The area in front of the Usher Hall is set to be renamed McCrae’s Place in memory of the 16th Royal Scots who fought at the Somme and who were better known as McCrae’s Battalion after Sir George McCrae, the former MP who formed and led the volunteer force into combat.The proposal by the Lord Provost Donald Wilson to mark the 100th anniversary of the outbreak of the First World War is expected to be passed by the city council later this week.

The story of McCrae’s Battalion was recently featured on Britain’s Great War presented by Jeremy Paxman on BBC1.

McCrae’s Place will be made up of sections of Grindlay Street and Cambridge Street in front of the Usher Hall where Sir George McCrae made his famous speech on 27 November 1914. He had been tasked by Lord Kitchener with raising a new volunteer battalion in Edinburgh and at a meeting at the Usher Hall he declared: “This is not a night for titles: I stand before you humbly as a fellow Scot, nothing more and nothing less.

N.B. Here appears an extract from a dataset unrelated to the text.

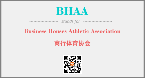 英文缩略词“BHAA”经常作为“Business Houses Athletic Association”的英文缩写来使用,中文表示:“商行体育协会”。本文将详细介绍英文缩写词BHAA所代表英文单词,其对应的中文拼音、详细解释以及在英语中的流行度。此外,还有关于缩略词BHAA的分类、应用领域及相关应用示例等。

You know I don’t speak easily of crisis. But that is what confronts us.

“I have received permission from the War Office to raise a new battalion for active service. It is my intention that this unit will be characterised by such a spirit of simple excellence that the rest of Lord Kitchener’s army will be judged by our standard.

“Furthermore, with the agreement of the authorities, I have undertaken to lead the battalion in the field. I would not – I could not – ask you to serve unless I share the danger at your side. In a moment I will walk down to Castle Street and set my name to the list of volunteers. Who will join me?”

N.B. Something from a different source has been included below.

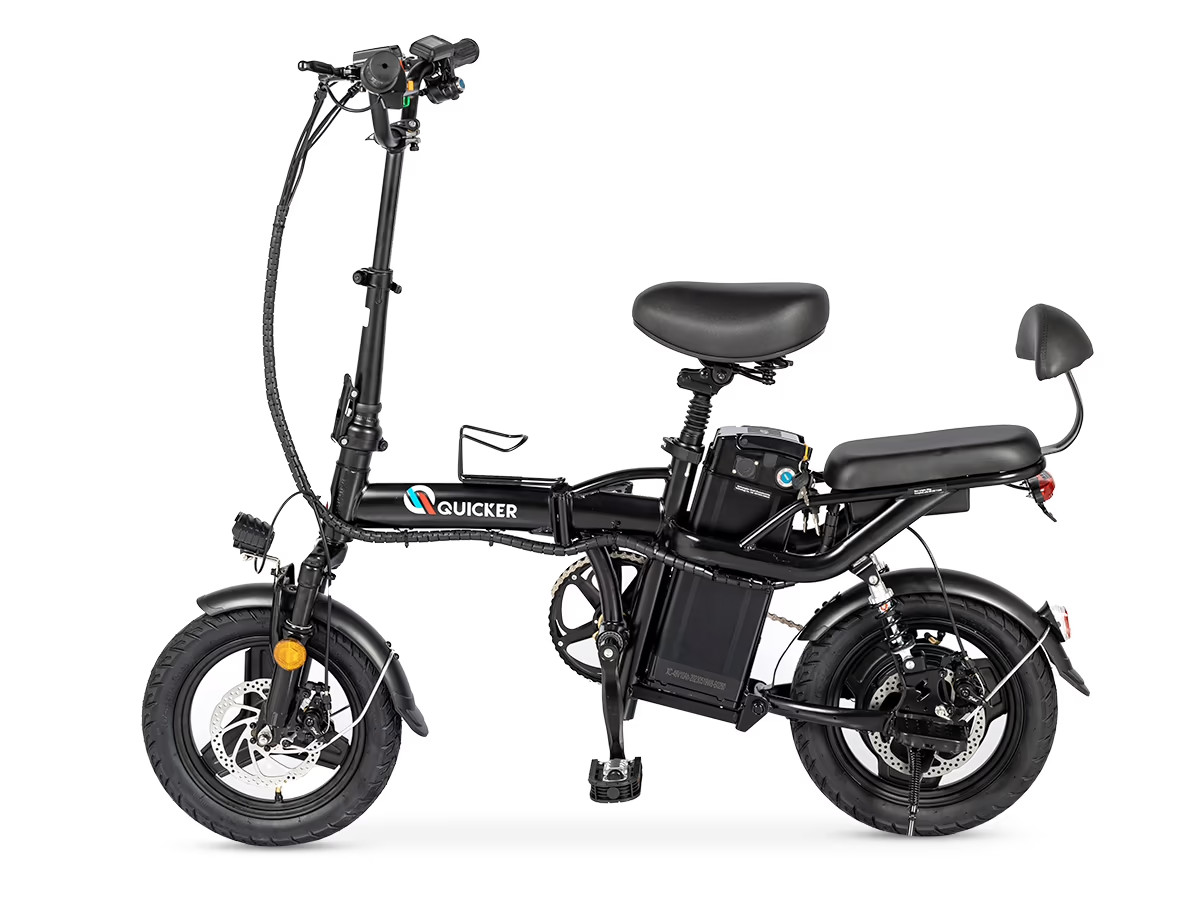 אופני Quicker Mini אופניים חשמליים מתקפלים מצויד בבולמי זעזועים קדמיים ואחוריים בשמן, אופניים חשמליים אלה מגיעים מצוידים במגוון תכונות שימושיות, כולל כיסא הרכבה, מעמד נייד מובנה, רגליים למושב האחורי, מעמד לבקבוק שתייה,צפצפה איתותים ושיכוך בכיסא

Within seven days, more than 800 men had signed up to serve in the 16th Battalion of the Royal Scots, which was also known as ‘The Sportsman Battalion’ and had among its initial volunteers at least 30 professional footballers from various clubs including the majority of the Heart of Midlothian team. The battalion fought at Contalmaison in the Battle of the Somme in July 1916 and suffered heavy casualties.

Yesterday Lord Provost Donald Wilson said: “It is 100 years since the First World War so it seemed significant and appropriate to do it. It was in discussion with the McCrae’s Memorial Trust and we thought since that was the place where he made his famous speech, it was the best place to put it. It does not have a name so it seemed fortuitous.”

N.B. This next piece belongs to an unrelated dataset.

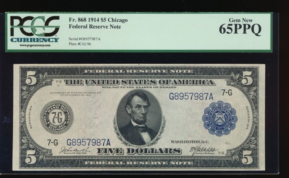 One 1914 $5 Chicago Federal Reserve Note PCGS 65PPQ.
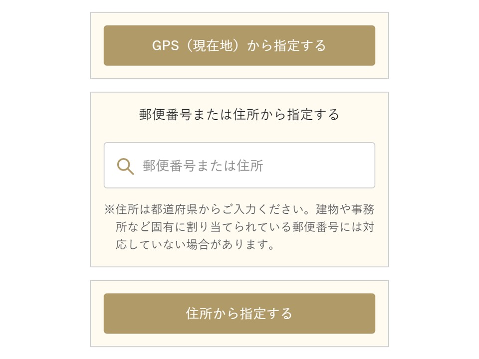 ご指定頂いた住所によっては、店舗がお持ち帰り(テイクアウト)に対応している場合があります。

The Lord Provost said it was important to commemorate the First World War and to prompt the public to find out more about those who played an active part in the conflict.

He said: “McCrae is an important historical figure and his place in history is obvious. The army were desperate for volunteers and if they had not got the large numbers that joined up, the result would have been disastrous.

“But obviously we are talking about the commemorations of a very sad event. Particularly if you think of the Somme and the battle of Contalmaison which was their first engagement.

“We owe it to the memory of the ones that gave their lives and also what makes it significant and unique is they volunteered despite the fact that they were in reserve occupations. They didn’t have to go, but they went and the reasons why they went are beyond question and should be honoured.

“I think it is important that Edinburgh plays its part in the commemorations and a huge element of these commemorations is education. It is about remembering what happened.”